___ RECORDS TO PROCESS ___

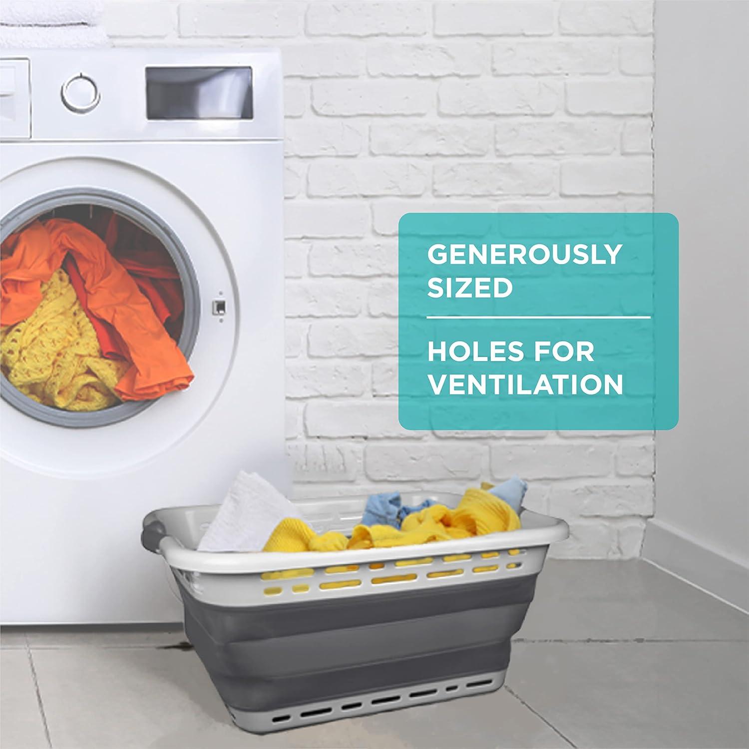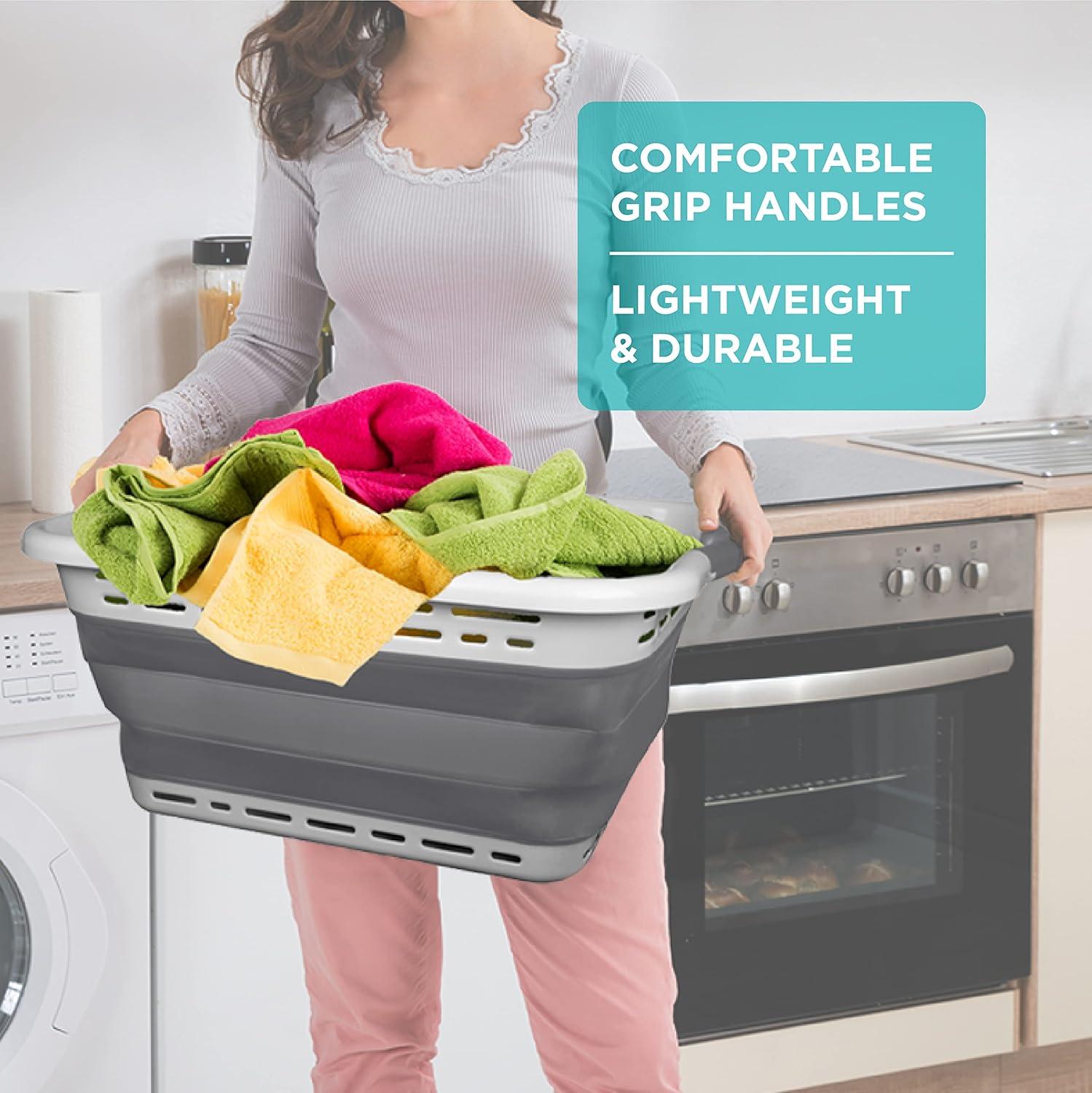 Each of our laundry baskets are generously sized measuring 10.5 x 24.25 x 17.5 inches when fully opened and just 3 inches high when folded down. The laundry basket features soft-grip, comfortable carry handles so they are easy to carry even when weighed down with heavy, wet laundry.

___
___ RECORDS TO PROCESS ___

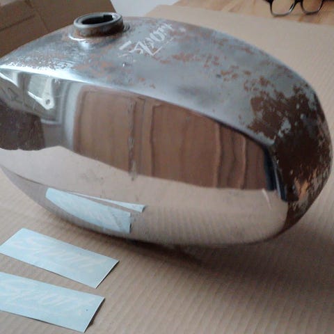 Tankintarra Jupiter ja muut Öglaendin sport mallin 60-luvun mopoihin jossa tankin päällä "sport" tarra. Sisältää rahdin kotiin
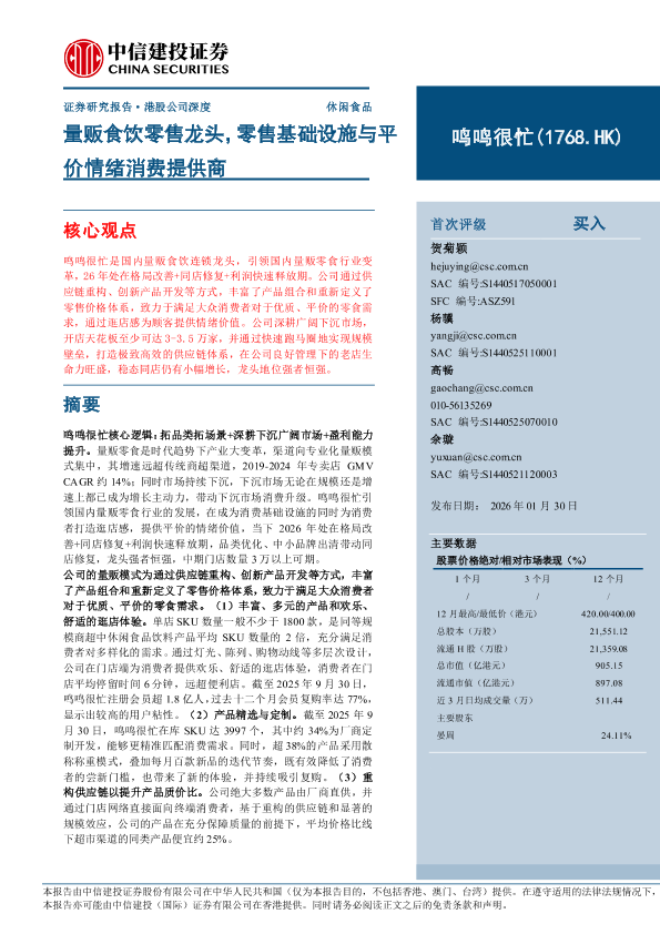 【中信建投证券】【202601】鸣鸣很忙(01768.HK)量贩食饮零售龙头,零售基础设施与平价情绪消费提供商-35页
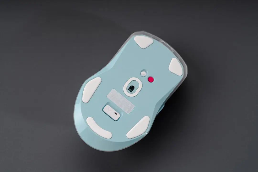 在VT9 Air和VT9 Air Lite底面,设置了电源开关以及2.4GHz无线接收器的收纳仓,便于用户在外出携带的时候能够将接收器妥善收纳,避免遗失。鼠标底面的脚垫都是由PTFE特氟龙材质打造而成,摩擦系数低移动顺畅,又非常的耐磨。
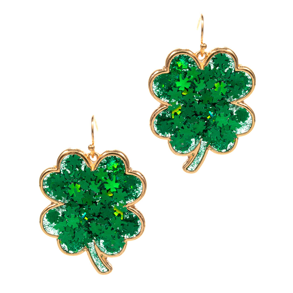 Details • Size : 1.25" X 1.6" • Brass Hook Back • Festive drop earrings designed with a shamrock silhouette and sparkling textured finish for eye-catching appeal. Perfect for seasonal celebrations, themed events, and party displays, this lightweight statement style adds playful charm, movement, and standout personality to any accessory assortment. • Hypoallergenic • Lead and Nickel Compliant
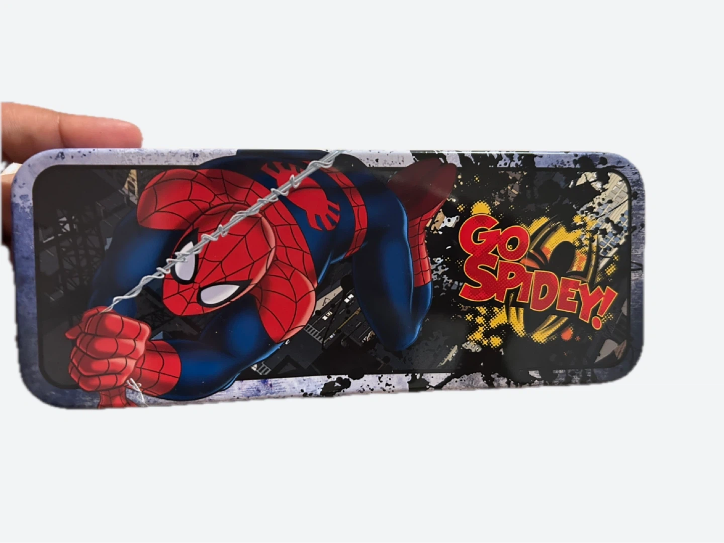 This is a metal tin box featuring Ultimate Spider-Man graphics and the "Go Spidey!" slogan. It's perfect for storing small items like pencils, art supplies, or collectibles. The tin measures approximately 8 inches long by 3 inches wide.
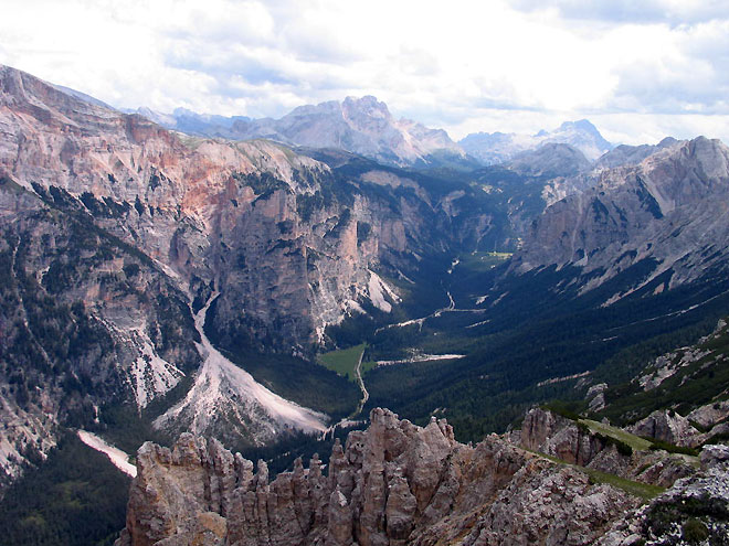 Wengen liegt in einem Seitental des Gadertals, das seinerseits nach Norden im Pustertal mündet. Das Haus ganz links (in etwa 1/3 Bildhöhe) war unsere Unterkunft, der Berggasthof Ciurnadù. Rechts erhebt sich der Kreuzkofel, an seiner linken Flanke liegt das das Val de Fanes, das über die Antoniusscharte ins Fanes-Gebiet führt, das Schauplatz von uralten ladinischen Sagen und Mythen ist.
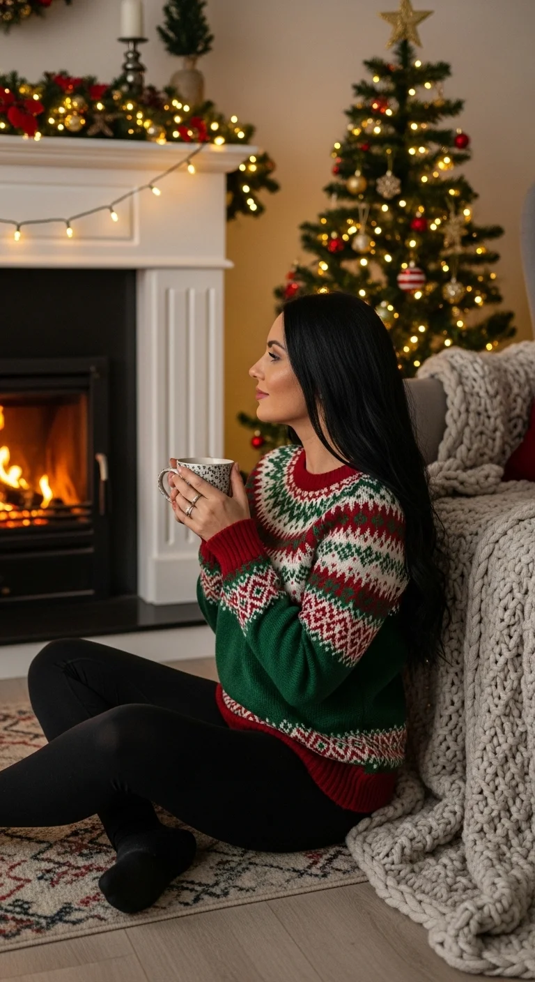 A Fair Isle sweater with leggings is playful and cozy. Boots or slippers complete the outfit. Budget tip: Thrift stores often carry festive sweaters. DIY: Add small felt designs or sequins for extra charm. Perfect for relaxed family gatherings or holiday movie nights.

___

Working from the records above, set down word for word everything from the line containing "在VT9 Air和VT9 Air" down to the line containing "A Fair Isle", ends included, minus the pictures.

 在VT9 Air和VT9 Air Lite底面,设置了电源开关以及2.4GHz无线接收器的收纳仓,便于用户在外出携带的时候能够将接收器妥善收纳,避免遗失。鼠标底面的脚垫都是由PTFE特氟龙材质打造而成,摩擦系数低移动顺畅,又非常的耐磨。
 Details • Size : 1.25" X 1.6" • Brass Hook Back • Festive drop earrings designed with a shamrock silhouette and sparkling textured finish for eye-catching appeal. Perfect for seasonal celebrations, themed events, and party displays, this lightweight statement style adds playful charm, movement, and standout personality to any accessory assortment. • Hypoallergenic • Lead and Nickel Compliant
 This is a metal tin box featuring Ultimate Spider-Man graphics and the "Go Spidey!" slogan. It's perfect for storing small items like pencils, art supplies, or collectibles. The tin measures approximately 8 inches long by 3 inches wide.
 Wengen liegt in einem Seitental des Gadertals, das seinerseits nach Norden im Pustertal mündet. Das Haus ganz links (in etwa 1/3 Bildhöhe) war unsere Unterkunft, der Berggasthof Ciurnadù. Rechts erhebt sich der Kreuzkofel, an seiner linken Flanke liegt das das Val de Fanes, das über die Antoniusscharte ins Fanes-Gebiet führt, das Schauplatz von uralten ladinischen Sagen und Mythen ist.
 A Fair Isle sweater with leggings is playful and cozy. Boots or slippers complete the outfit. Budget tip: Thrift stores often carry festive sweaters. DIY: Add small felt designs or sequins for extra charm. Perfect for relaxed family gatherings or holiday movie nights.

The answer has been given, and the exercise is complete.